Should I use Descript for transcription if I don't edit video?
Probably not. Descript is a text-based audio and video editor with transcription built in. You're paying for the editing workflow, not the transcription engine. If you delete words from the transcript to edit the audio, Descript earns its keep. If you just want a text file back, you're overpaying versus Sonix or Otter.
What's the cheapest way to transcribe if I'm technical?
Run OpenAI Whisper locally. It's free, open-source, supports 99+ languages, and the large-v3 model is genuinely competitive on accuracy. You'll need a decent GPU, and you won't get a nice editor or speaker diarization out of the box, but for developers or privacy-conscious users, nothing beats free and local.

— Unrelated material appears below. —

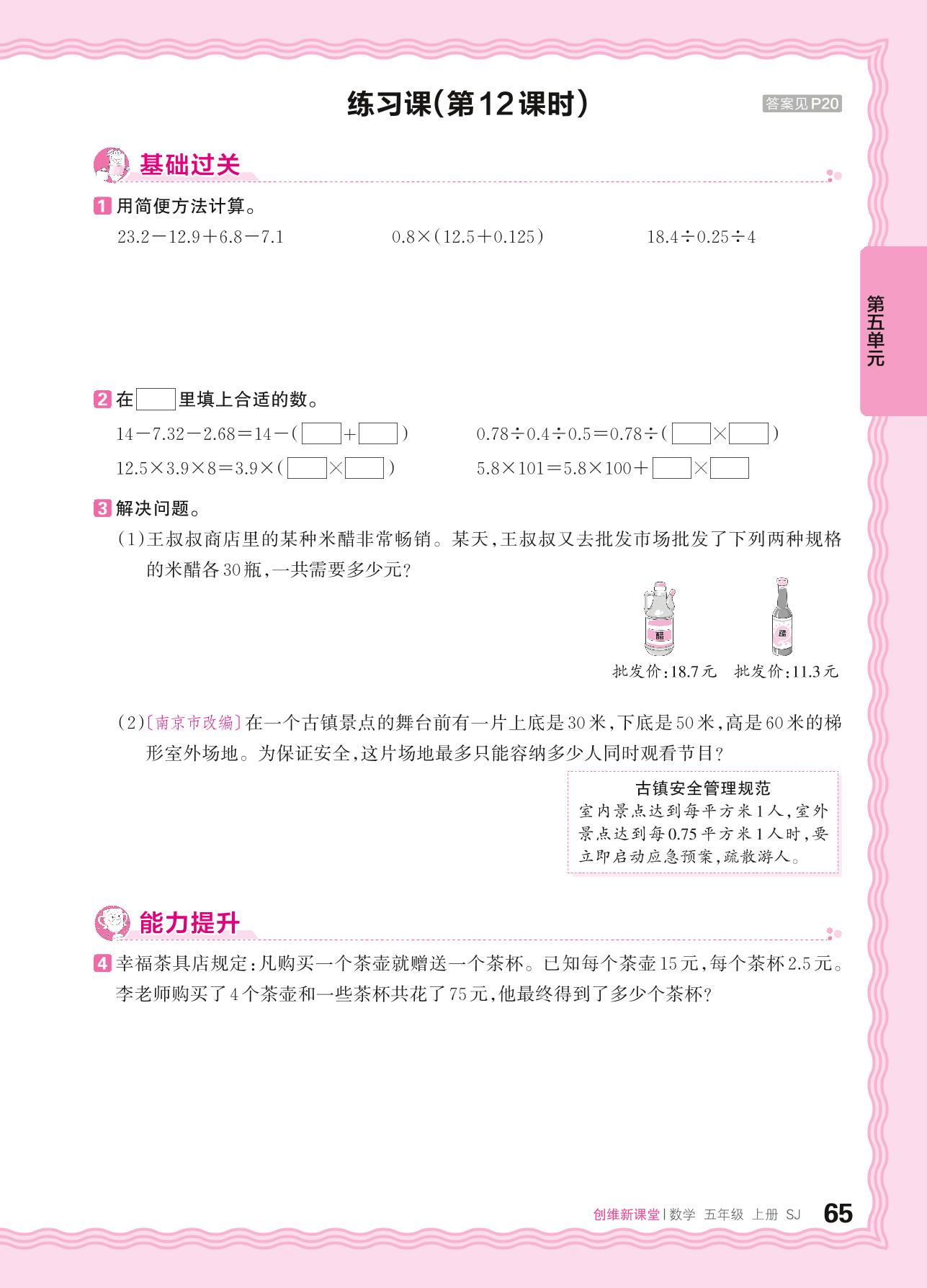 2024秋上册五年级数学苏教版 第五单元 小数乘法和除法——小数四则混合运算练习课
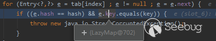 在reconstitutionPut方法中會調用e.key.equals(key)方法。依靠之前的CommonsCollections利用鏈的經驗,需要在入口類通過各種方法的調用,從而調用到LazyMap#get方法,CommonsCollections7的gadget構造思路也如此,Gadget作者通過調用equals方法,串聯入口類和LazyMap。由于在序列化對象構造時,將LazyMap對象作為Hashtable的key值傳入到Hashtable的元素中。因此在調用e.key.equals(key)方法時,實質是調用LazyMap#equals方法。

How did you actually score these?
We ran the same 22 real audio files through each tool's most popular paid tier over three weeks, plus a fixed five-file 'hard' battery re-run on each one, and diffed every output against a human-verified reference transcript. Five metrics (Transcription Accuracy, Speaker Diarization, Turnaround Speed, Integrations & Export Depth, and Value) combined into the single 0-to-100 number on the badge. Accuracy and diarization carry the most weight, because a transcript you have to correct by hand doesn't save you any time.